Sr. Quality Assurance Specialist (GLP)

Amador Bioscience (AmadorBio) is a Translational & Clinical Pharmacology CRO providing global-standard services in quantitative clinical pharmacology, GLP/GCLP bioanalysis, clinical research, and regulatory filing to leading biopharmaceutical companies. Our clients include multinational pharmaceuticals and mid- and small-size biotech companies.

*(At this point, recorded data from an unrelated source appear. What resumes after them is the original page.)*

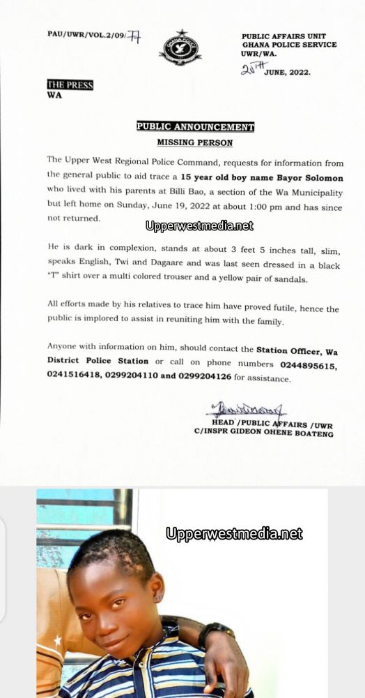 “The Upper West Regional Police Command, requests for information from the general public to aid trace a 15 year old boy name Bayor Solomon who lived with his parents at Billi Bao, a section of the Wa Municipality but left home on Sunday, June 19, 2022 at about 1:00 pm and has since not returned.
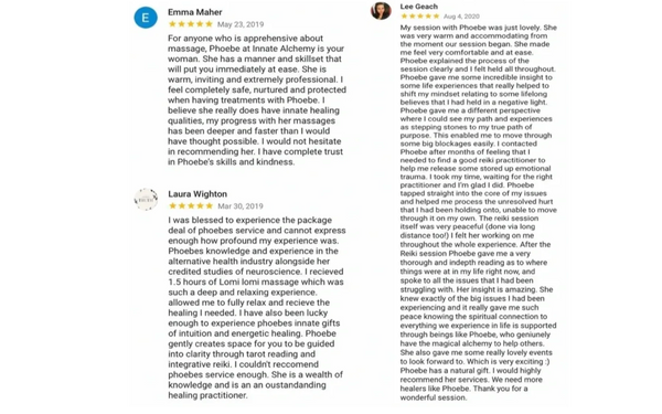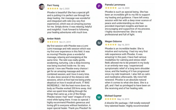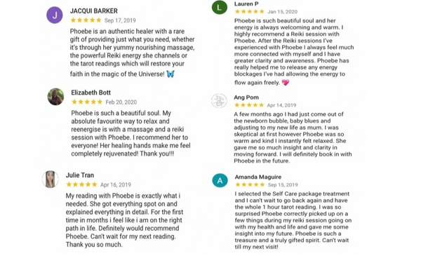 "I love Phoebe's compassionate and 100% loving energy work with Reiki (and her really helpful insights) and her massages are very deeply healing, restoring and balancing. I've had quite a few sessions with Phoebe and I always feel lighter, brighter and more connected to myself. Thanks so much Phoebe!" - Jesabe Warner
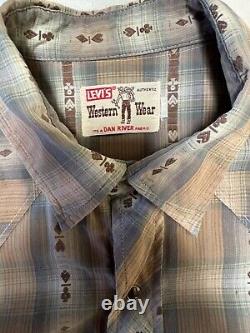 Vintage 1960s Levi's Big E Western Wear Shirt Dan River Fabric Cards Gambling L. In excellent condition for its age. As noted in pics one small repair that's hardly noticeable. Let me know with any questions, thanks!
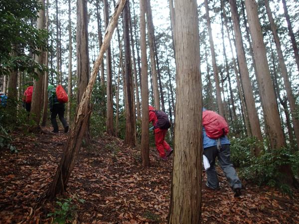 どうにか橋を渡り、地図とコンパスで目標地点を設定しながら尾根のアップダウンを歩きます。

Reporting to the Sr. Quality Assurance Manager, this role is responsible for administering quality systems supporting compliant nonclinical laboratory study Good Laboratory Practice (GLP) and or phases thereof and testing activities producing primary or secondary endpoints of clinical studies Good Clinical Laboratory Practice (GCLP). Assure Test Site Management (TSM) that facilities, equipment, personnel, methods, practices, records, and controls are in conformance of regulations.

Key Responsibilities

• Facilitate company compliance of GLP and GCLP and GCPs for FDA and applicable international regulations.
• Contribute to the company Master Schedule.
• Writing and updating QA Standard Operating Procedures (SOP’s), QA Files, and QA Audit Log.
• Assure QA department inspection reports and any other supporting documentation or required records are processed and archived, as appropriate.
• Monitor regulatory landscape and interpret regulatory requirements for application to business processes and procedures, and corporate Risk Register.
• Review Standard Operating Procedures (SOPs) and Statistical Analysis Plans (SAP).
• Assure GLP protocol requirements are met by auditing phase specific raw data, data summary tables, draft and final phase reports associated with nonclinical studies or bioanalytical sample analysis protocols to evaluate regulatory compliance.
• Provide basic GLP and GCLP training as needed.
• Plan, conduct and report inspections of the internal facilities to TSM.
• Plan, conduct and report audits of external vendors to assess compliance with regulations, industry standards, and best practices.
• Identify regulatory compliance issues and provide regulatory support to departments.
• Contribute to the monthly status report of the company's compliance with GLP and GCLP regulations including problems and corrective action.
• Represent QA in test site and project specific meetings.
• Establish and maintain a state of inspection readiness including test site specific folder.
• Host client and regulatory inspections including preparing responses of findings thereof.
• Perform all other related duties as assigned and relevant to job title.

Qualifications and Education Requirements

• Bachelor’s or Master’s degree in biology, immunology, chemistry, pharmacology, or other related scientific fields required;
• A minimum of 5 years relevant experience in Quality Assurance within a GLP-centered research or pharmaceutical industry setting.
• The ability to lead Quality audits.
• Knowledge of regulated bioanalysis. GCP/GCLP experience necessary.
• Goal-oriented, quality-conscientious, and client-focused.